##### Records shown #####

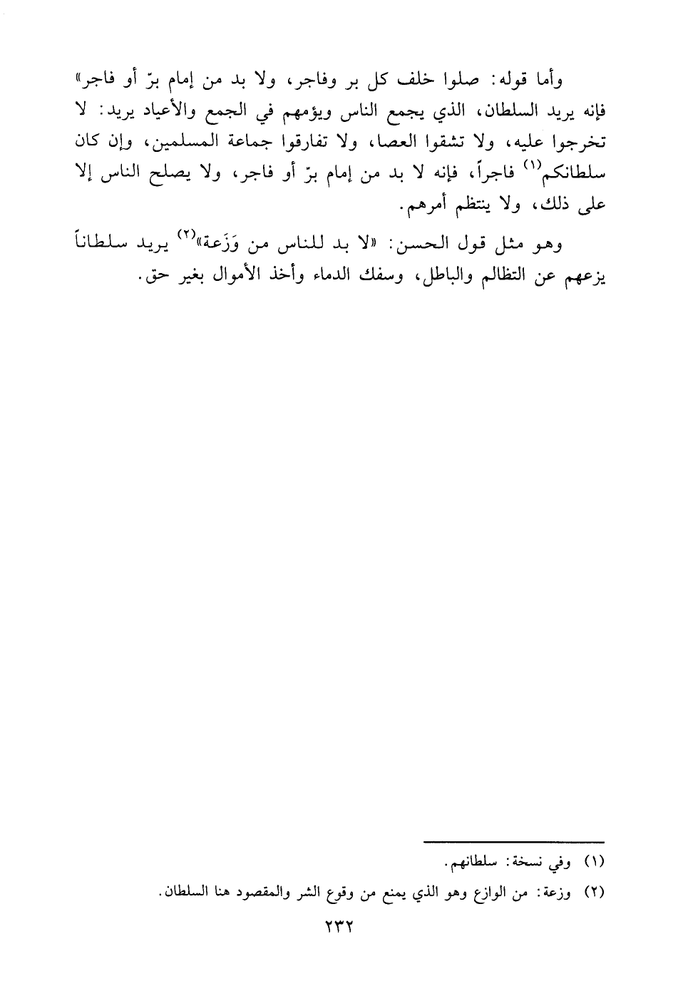 وَهُوَ مِثْلُ قَوْلِ الْحَسَنِ: "لَا بُدَّ لِلنَّاسِ مِنْ وَزَعَةٍ"2 يُرِيدُ سُلْطَانًا يَزَعُهُمْ عَنِ التَّظَالُمِ وَالْبَاطِلِ، وَسَفْكِ الدِّمَاءِ وَأَخْذِ الْأَمْوَالِ بِغَيْر حق.
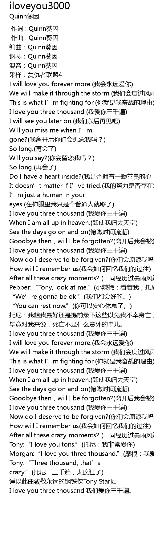 | [02:53.80] | Morgan:“I love you three thousand.”(摩根:我爱你三千遍) |
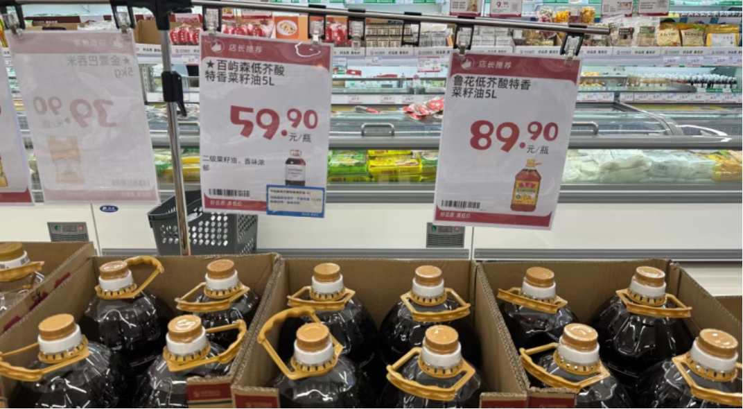 陈列技巧上,将自有品牌与一线品牌比邻陈列,如59.9元/瓶的“百屿森”5L菜籽油紧邻89.9元/瓶的鲁花同类型产品,形成直观价格对比。
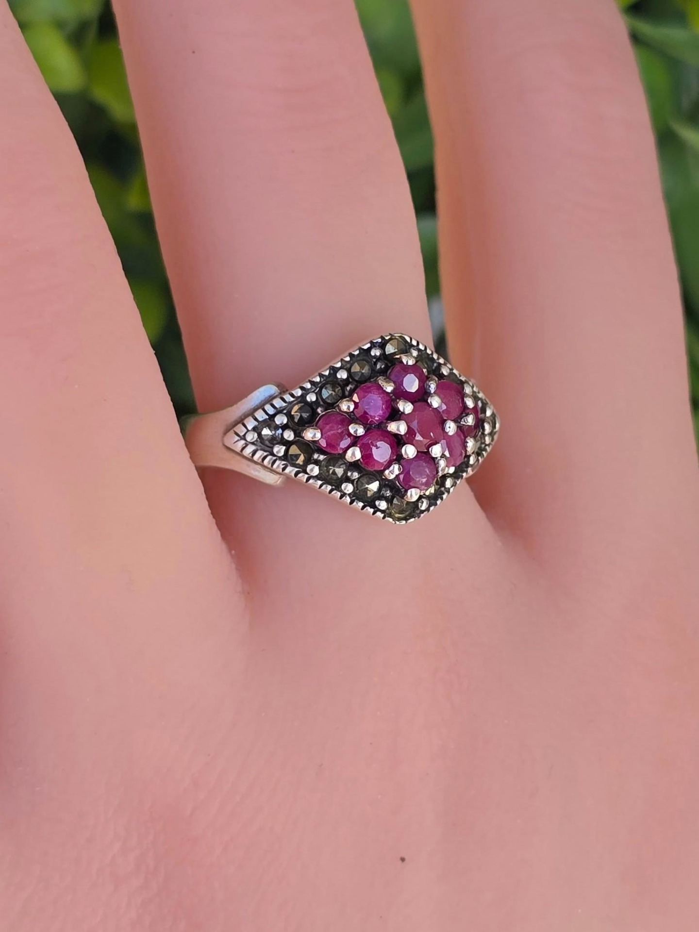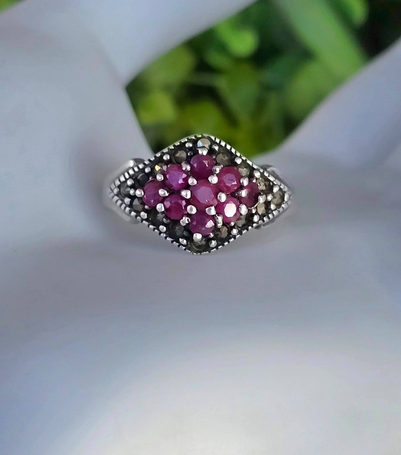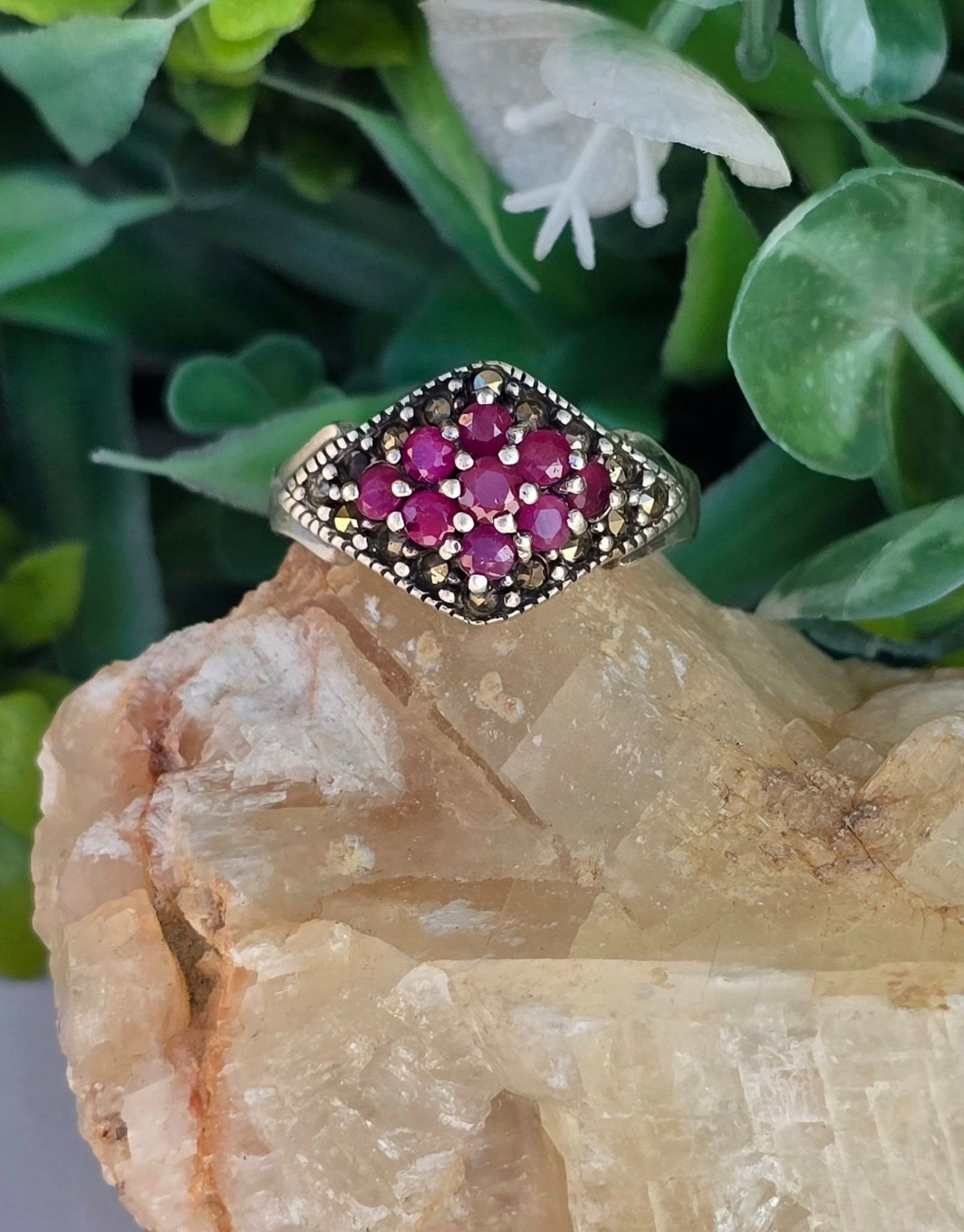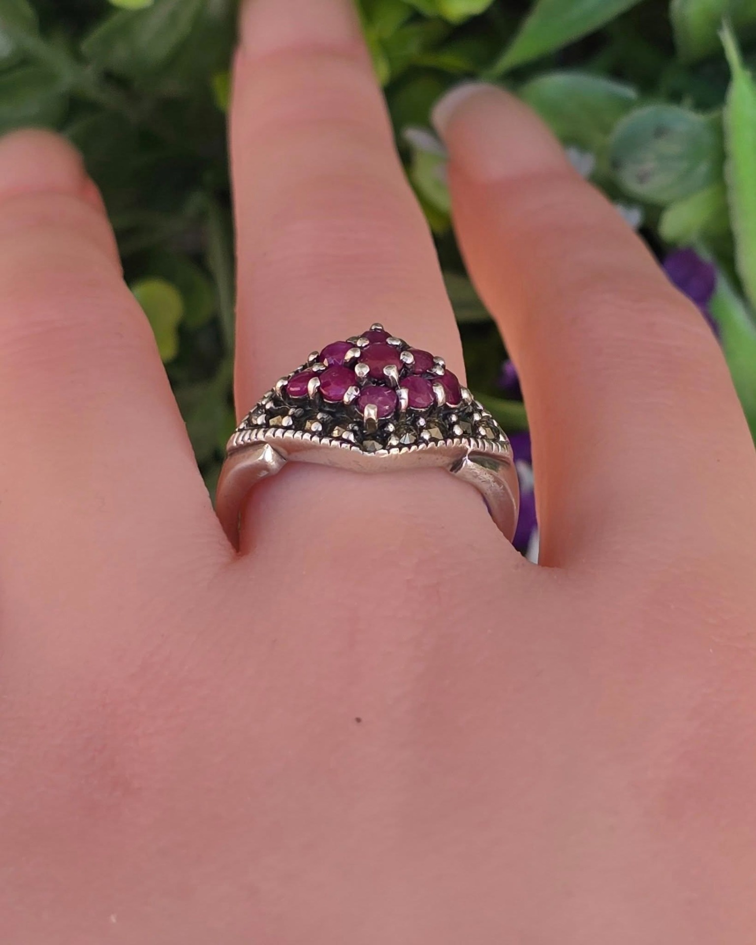 Inel vechi din argint, cu 9 rubine naturale și marcasite.
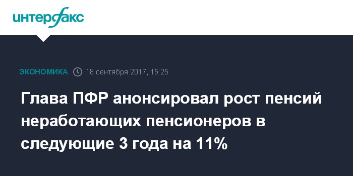 Москва. 18 сентября. INTERFAX.RU - Рост пенсий неработающих пенсионеров составит 11% за период с 2018 по 2020 годы, заявил глава Пенсионного фонда РФ Антон Дроздов, озвучивая проект федерального закона "О бюджете Пенсионного фонда РФ на 2018 год и на плановый период 2019 и 2020 годов" на заседании российской трехсторонней комиссии по регулированию социально-трудовых отношений.
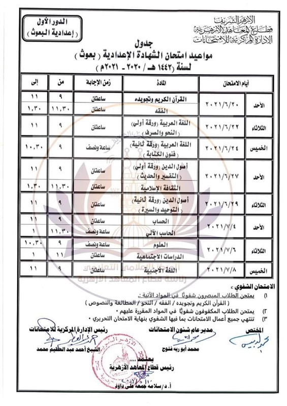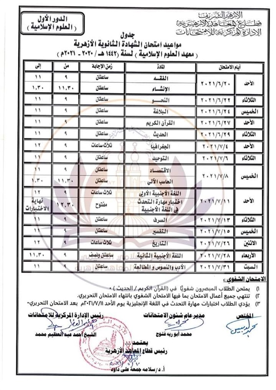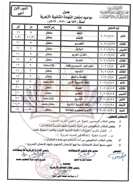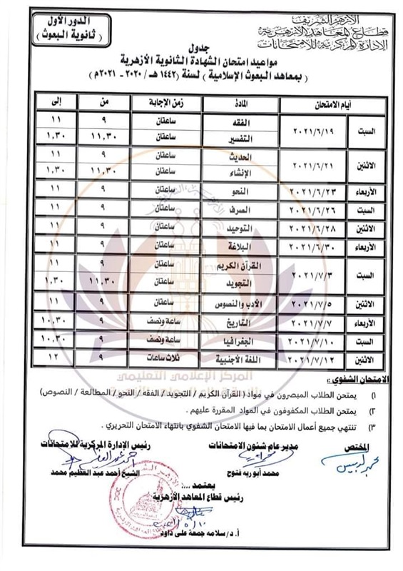 وننشر الخريطة الزمنية لامتحانات الدور الأول والثاني للشهادة الثانوية الأزهرية والقراءات والعلوم والإسلامية وإعدادية وثانوية البعوث، وهي كما يلي:

#####

Without changing a word, retype every entry above, but drop its pictures.

:: Problem solution ::
 وَهُوَ مِثْلُ قَوْلِ الْحَسَنِ: "لَا بُدَّ لِلنَّاسِ مِنْ وَزَعَةٍ"2 يُرِيدُ سُلْطَانًا يَزَعُهُمْ عَنِ التَّظَالُمِ وَالْبَاطِلِ، وَسَفْكِ الدِّمَاءِ وَأَخْذِ الْأَمْوَالِ بِغَيْر حق.
 | [02:53.80] | Morgan:“I love you three thousand.”(摩根:我爱你三千遍) |
 陈列技巧上,将自有品牌与一线品牌比邻陈列,如59.9元/瓶的“百屿森”5L菜籽油紧邻89.9元/瓶的鲁花同类型产品,形成直观价格对比。
 Inel vechi din argint, cu 9 rubine naturale și marcasite.
 Москва. 18 сентября. INTERFAX.RU - Рост пенсий неработающих пенсионеров составит 11% за период с 2018 по 2020 годы, заявил глава Пенсионного фонда РФ Антон Дроздов, озвучивая проект федерального закона "О бюджете Пенсионного фонда РФ на 2018 год и на плановый период 2019 и 2020 годов" на заседании российской трехсторонней комиссии по регулированию социально-трудовых отношений.
 وننشر الخريطة الزمنية لامتحانات الدور الأول والثاني للشهادة الثانوية الأزهرية والقراءات والعلوم والإسلامية وإعدادية وثانوية البعوث، وهي كما يلي:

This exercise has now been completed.